Carriage wheels pivoting, steel on gravel, and off they rumbled: the glow of their torches shimmering past the schoolhouse windows—panning the ceiling in arcs of yellow, into which Auntie emerged from the kitchen. She stood by the window to watch them go. Ephraim, cross-eyed, stumbled behind her. He tripped on a table leg, fell to it, rolled over, belly-up, and clamped down, not letting go.

  The blood in his veins had begun to boil. It felt like his spine was hyperextending.

  A series of turbulent flashes commenced, each of them striking a cardio thunderbolt—booming cacophonic, fragmented crashes of falling timber and echoing foghorns—beaming erratically in between fire and blackness, the stench of decay and malevolence, deafening, blinding, burning his nostrils—whirling adrift in it, slipping away …

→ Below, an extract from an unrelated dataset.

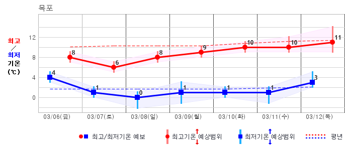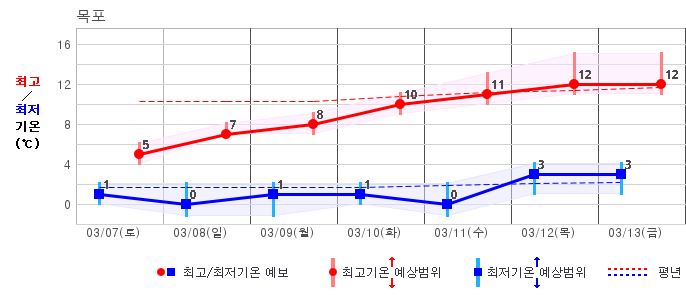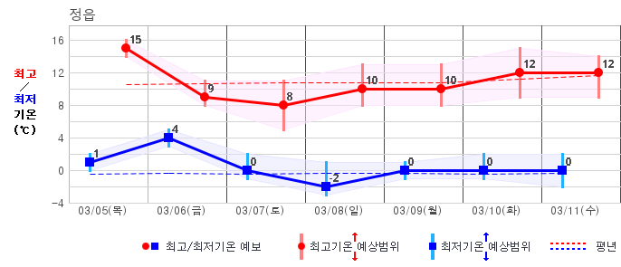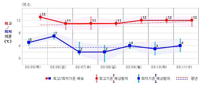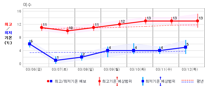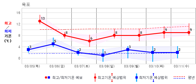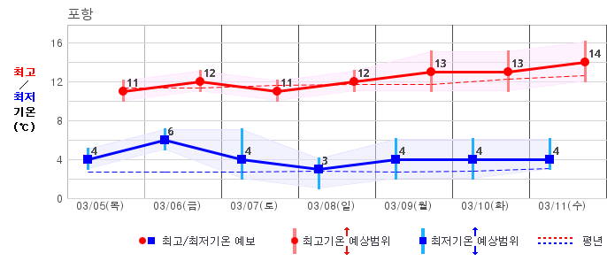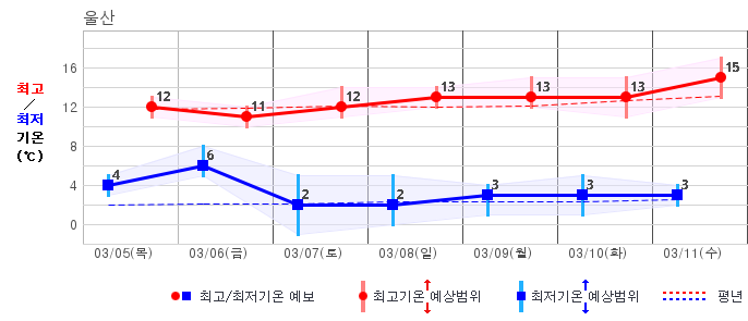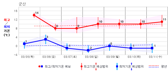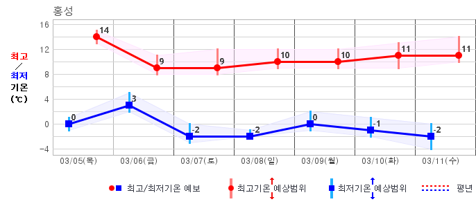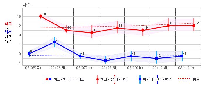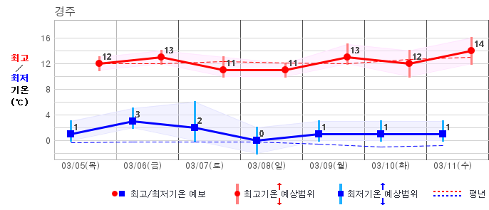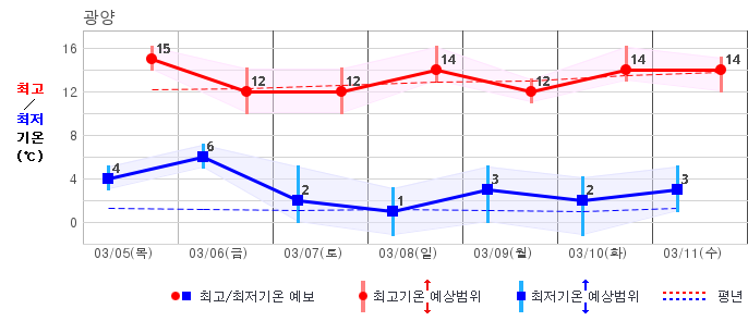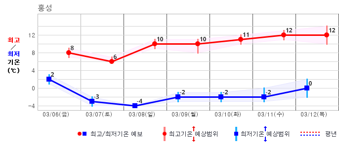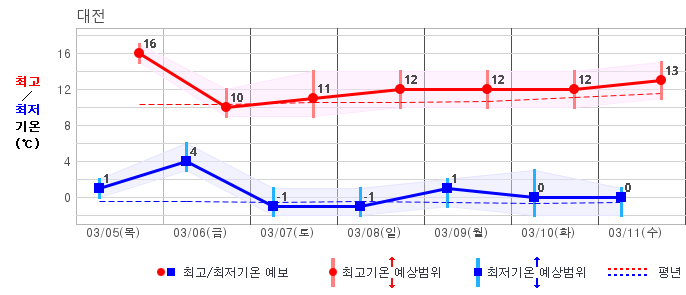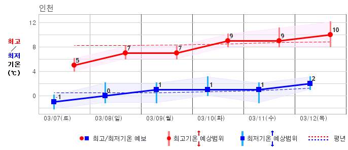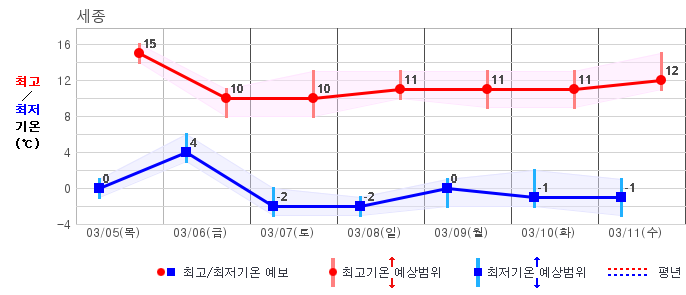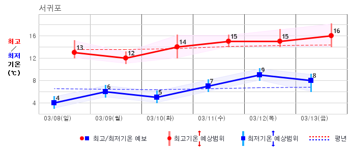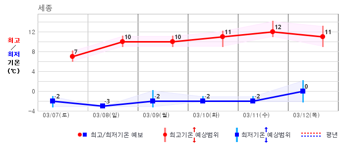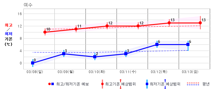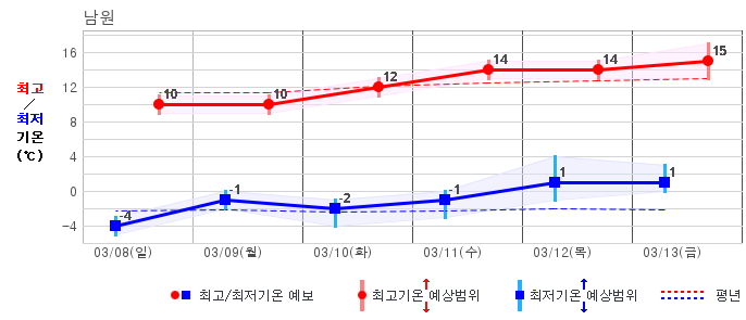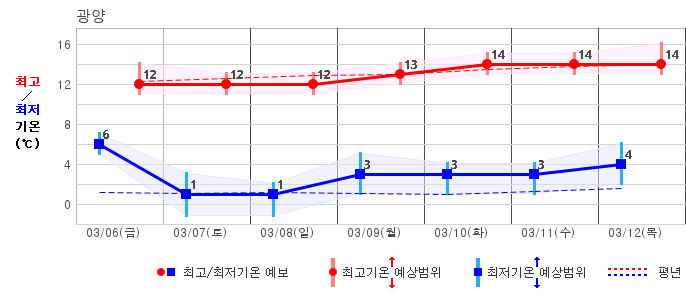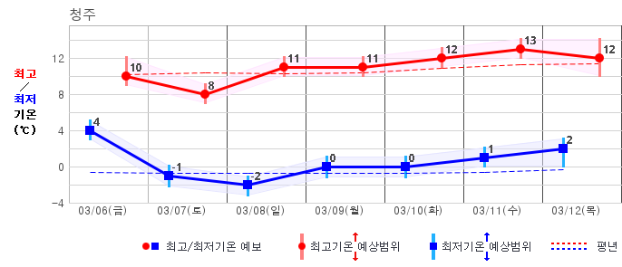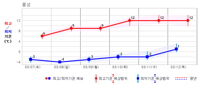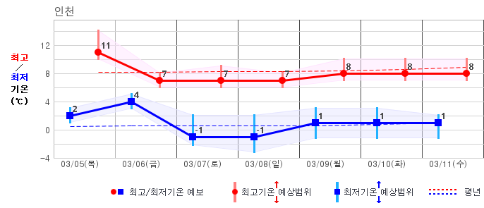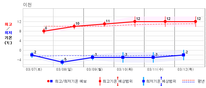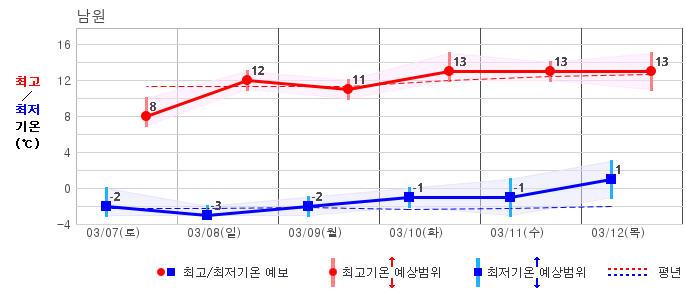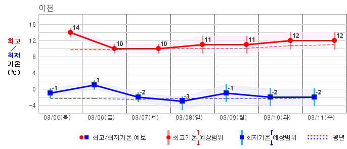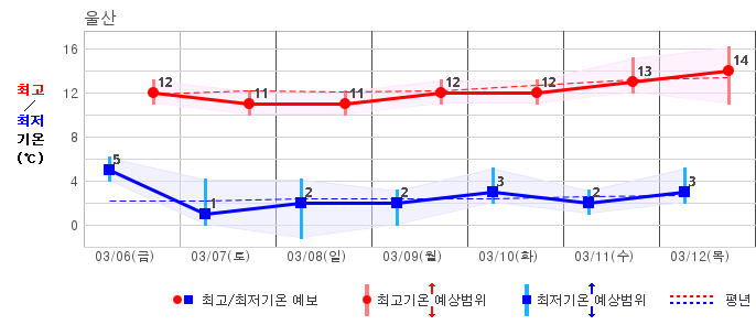 ○ (기온) 이번 예보기간 아침 기온은 -8~5℃, 낮 기온은 3~13℃로 평년(최저기온 -8~2℃, 최고기온 3~10℃)과 비슷하거나 조금 높겠습니다.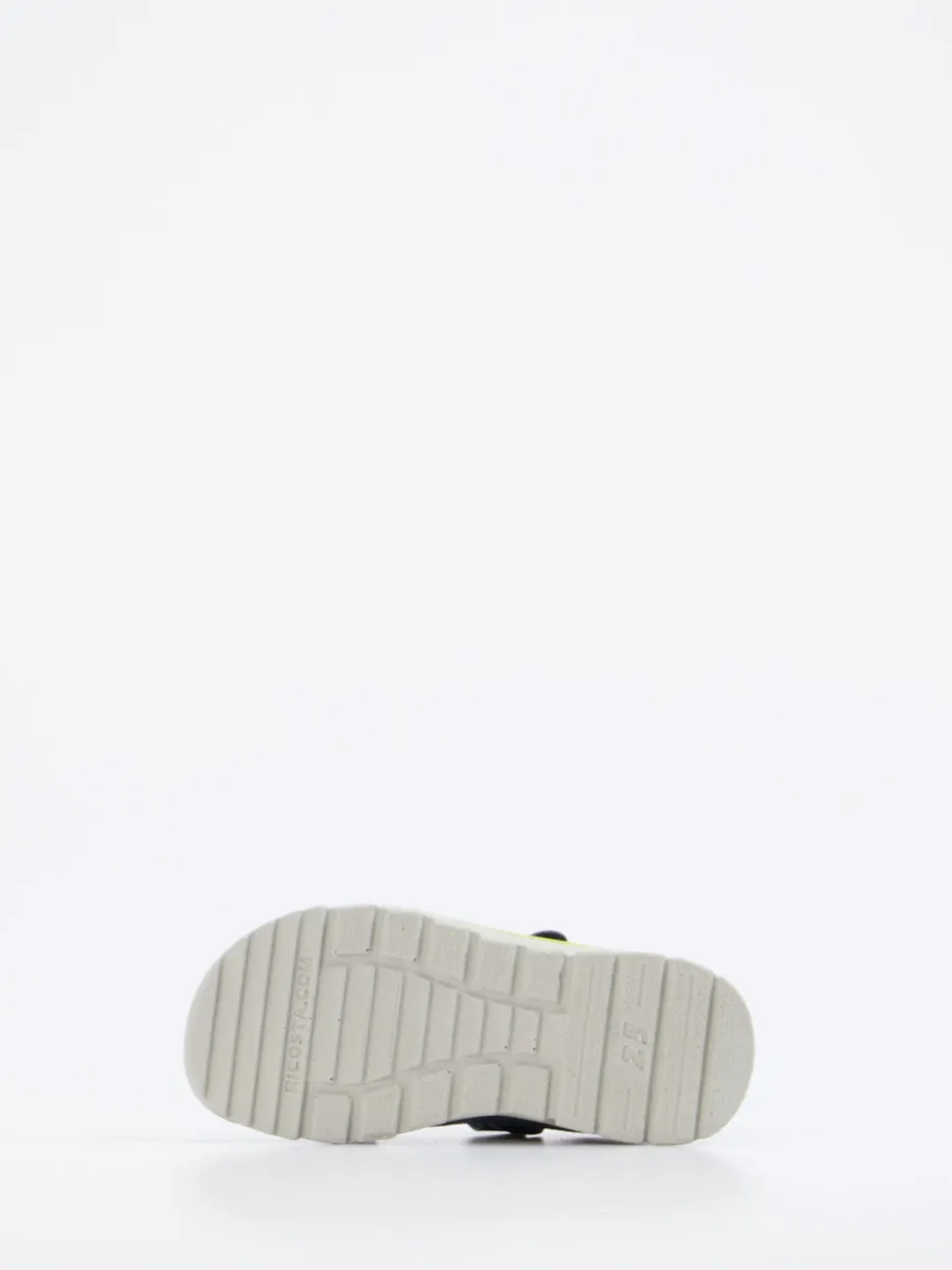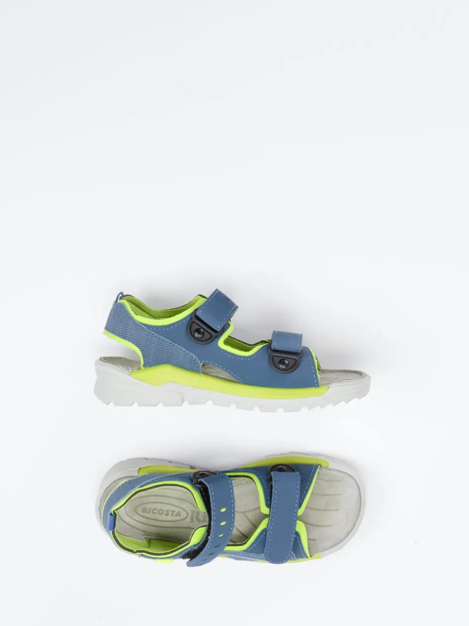 Bereit für jeden Sommertag.Ricosta präsentiert eine funktionale Kindersandale der Kategorie Klettsandale. Perfekt für Spielplatz, Waldweg oder Garten: Das synthetische Obermaterial mit matter Oberfläche ist pflegeleicht und strapazierfähig. In Dunkelblau mit neonfarbenen Akzenten gestaltet, bringt das Modell einen sportiven Look ins Outfit. Zwei farblich abgesetzte Klettverschlüsse sorgen für sicheren Halt, dazu bietet die gepolsterte Innensohle hohen Tragekomfort. Die profilierte PU-Sohle mit tiefen Rillen unterstützt Trittsicherheit auf vielfältigem Untergrund. Inspiriert von Sport- und Outdoortrends, passt sie besonders gut zu funktionaler Kinderbekleidung. Verlässlicher Begleiter für anspruchsvolle Sommertage – aus dem Hause Ricosta.

  On coming to, he thought that a good deal of time had elapsed. Auntie was still at the window, but now she had opened the blinds. She no longer seemed concerned with the road patrols.

  Slowly, she stepped away from the window and mumbled: “We don’t want to block your light.”

  Again, it was such a bizarre remark, he had trouble believing she’d actually made it.

  Along the horizon, a gentle glow appeared behind the retreating clouds.

  Doubtfully looking him over, Auntie returned to the subject. “You really don’t know?”

  He shook his head.

  Again, she appeared surprised, though not altogether amazed, by his incomprehension. Maybe she’d always assumed that community rumor had filled him in on this matter. Maybe she thought he’d been able to distinguish between fact and fiction.

  If so, she was wrong.

  At last, with an air of sardonic mirth, she went on: “I guess there’s no harm in telling.”

  She took a deep breath and turned. Exhaling slowly, as though to say “Where to begin,” she proceeded from what he could only assume was the start, in a time when his parents were young …

  The year before Ephraim’s birth, it had been—when his mother Maria’s beloved brother, Jacob, was called up for military service. As a member of The Order, his term had been delegated to public utility work. For many families, “road patrol,” as this option was known, was no better than combat—as, even though young men were spared active duty (which wasn’t at all to be taken for granted), their terms of service were such as, too often, proved wholly disastrous to life back home.